§ Your assignment
Your answer must be the listing repeated word for word, without its pictures.

§ Data section

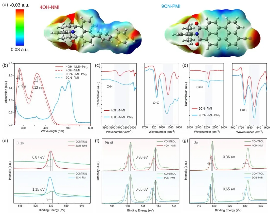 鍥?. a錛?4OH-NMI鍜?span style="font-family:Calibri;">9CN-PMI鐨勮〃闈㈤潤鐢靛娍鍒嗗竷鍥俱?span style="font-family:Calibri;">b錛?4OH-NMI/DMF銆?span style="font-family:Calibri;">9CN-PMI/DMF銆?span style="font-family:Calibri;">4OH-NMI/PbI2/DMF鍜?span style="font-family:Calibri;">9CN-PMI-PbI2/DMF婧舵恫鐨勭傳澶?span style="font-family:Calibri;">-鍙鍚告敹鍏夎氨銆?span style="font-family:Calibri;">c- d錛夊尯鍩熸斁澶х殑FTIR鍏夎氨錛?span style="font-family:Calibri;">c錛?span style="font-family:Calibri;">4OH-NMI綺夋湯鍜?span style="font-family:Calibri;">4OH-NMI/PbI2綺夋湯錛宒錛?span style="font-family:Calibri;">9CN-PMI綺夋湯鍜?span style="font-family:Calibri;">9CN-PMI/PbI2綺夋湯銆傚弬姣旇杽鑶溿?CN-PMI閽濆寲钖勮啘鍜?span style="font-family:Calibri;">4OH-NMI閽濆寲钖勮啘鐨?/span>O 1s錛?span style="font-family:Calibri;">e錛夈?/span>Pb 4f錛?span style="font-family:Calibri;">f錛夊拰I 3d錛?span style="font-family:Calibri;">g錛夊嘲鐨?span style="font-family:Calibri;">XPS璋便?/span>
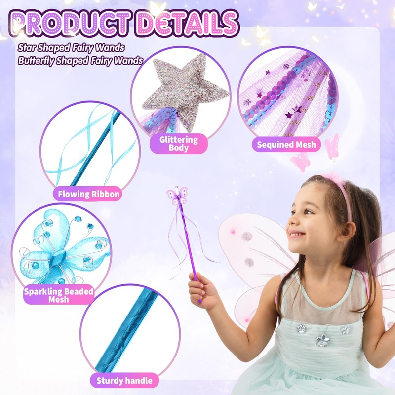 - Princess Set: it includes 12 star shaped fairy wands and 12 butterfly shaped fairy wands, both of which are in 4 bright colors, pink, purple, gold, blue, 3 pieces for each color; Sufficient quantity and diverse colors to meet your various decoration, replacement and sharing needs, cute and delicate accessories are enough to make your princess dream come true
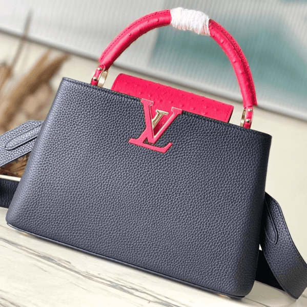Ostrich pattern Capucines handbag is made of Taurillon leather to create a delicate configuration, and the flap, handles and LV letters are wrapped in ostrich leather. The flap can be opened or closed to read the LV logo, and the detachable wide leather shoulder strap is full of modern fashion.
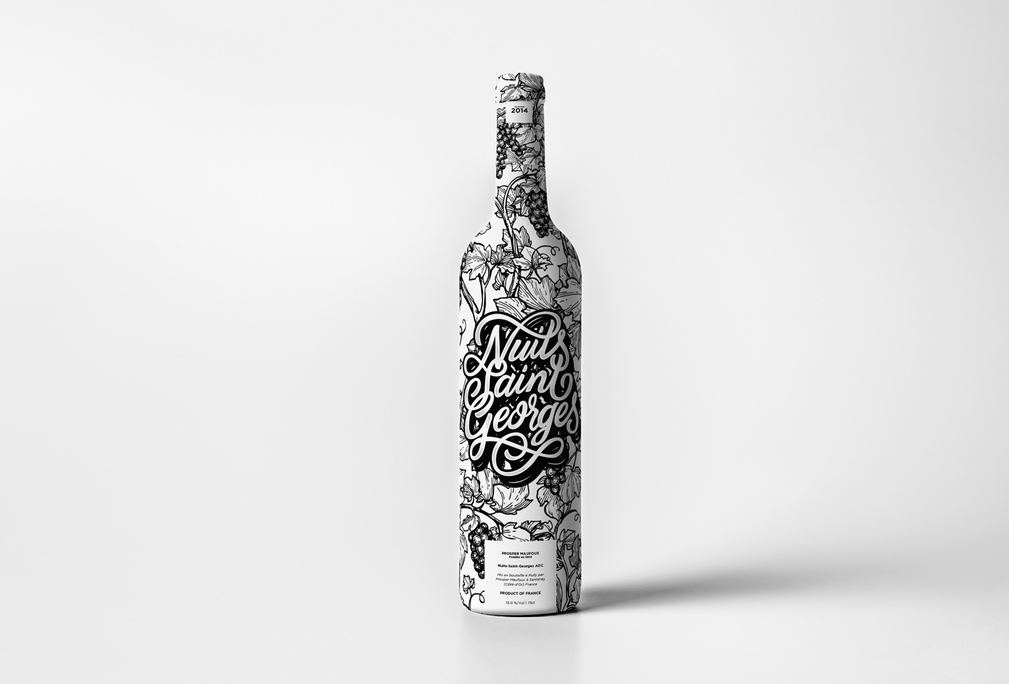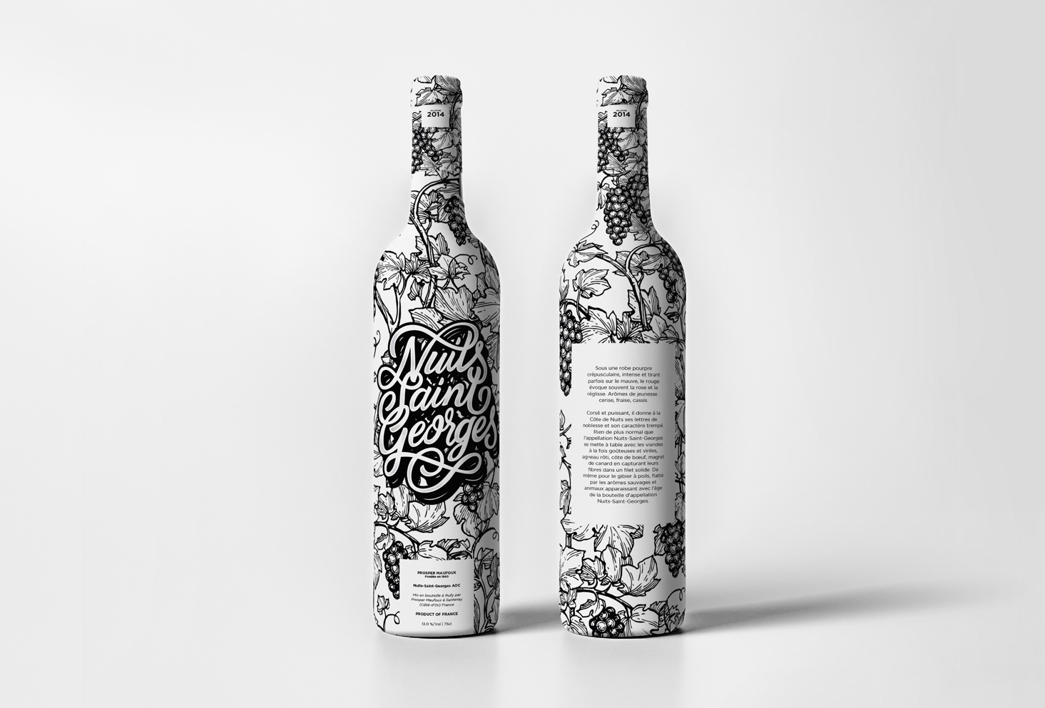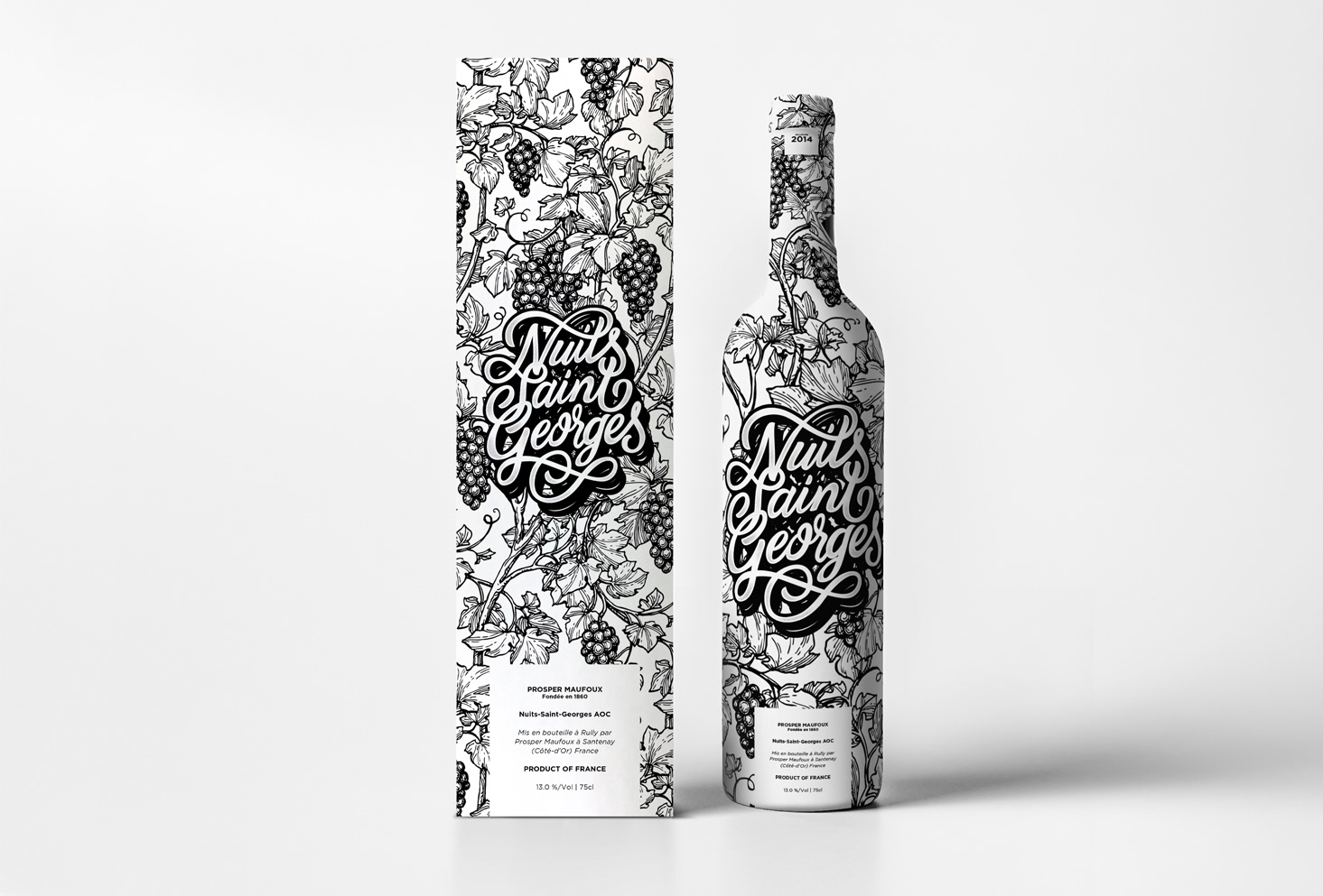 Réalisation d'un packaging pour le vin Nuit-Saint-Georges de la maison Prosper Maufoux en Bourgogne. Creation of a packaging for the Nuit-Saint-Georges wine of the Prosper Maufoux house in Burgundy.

§ Output of the task
 鍥?. a錛?4OH-NMI鍜?span style="font-family:Calibri;">9CN-PMI鐨勮〃闈㈤潤鐢靛娍鍒嗗竷鍥俱?span style="font-family:Calibri;">b錛?4OH-NMI/DMF銆?span style="font-family:Calibri;">9CN-PMI/DMF銆?span style="font-family:Calibri;">4OH-NMI/PbI2/DMF鍜?span style="font-family:Calibri;">9CN-PMI-PbI2/DMF婧舵恫鐨勭傳澶?span style="font-family:Calibri;">-鍙鍚告敹鍏夎氨銆?span style="font-family:Calibri;">c- d錛夊尯鍩熸斁澶х殑FTIR鍏夎氨錛?span style="font-family:Calibri;">c錛?span style="font-family:Calibri;">4OH-NMI綺夋湯鍜?span style="font-family:Calibri;">4OH-NMI/PbI2綺夋湯錛宒錛?span style="font-family:Calibri;">9CN-PMI綺夋湯鍜?span style="font-family:Calibri;">9CN-PMI/PbI2綺夋湯銆傚弬姣旇杽鑶溿?CN-PMI閽濆寲钖勮啘鍜?span style="font-family:Calibri;">4OH-NMI閽濆寲钖勮啘鐨?/span>O 1s錛?span style="font-family:Calibri;">e錛夈?/span>Pb 4f錛?span style="font-family:Calibri;">f錛夊拰I 3d錛?span style="font-family:Calibri;">g錛夊嘲鐨?span style="font-family:Calibri;">XPS璋便?/span>
 - Princess Set: it includes 12 star shaped fairy wands and 12 butterfly shaped fairy wands, both of which are in 4 bright colors, pink, purple, gold, blue, 3 pieces for each color; Sufficient quantity and diverse colors to meet your various decoration, replacement and sharing needs, cute and delicate accessories are enough to make your princess dream come true
Ostrich pattern Capucines handbag is made of Taurillon leather to create a delicate configuration, and the flap, handles and LV letters are wrapped in ostrich leather. The flap can be opened or closed to read the LV logo, and the detachable wide leather shoulder strap is full of modern fashion.
 Réalisation d'un packaging pour le vin Nuit-Saint-Georges de la maison Prosper Maufoux en Bourgogne. Creation of a packaging for the Nuit-Saint-Georges wine of the Prosper Maufoux house in Burgundy.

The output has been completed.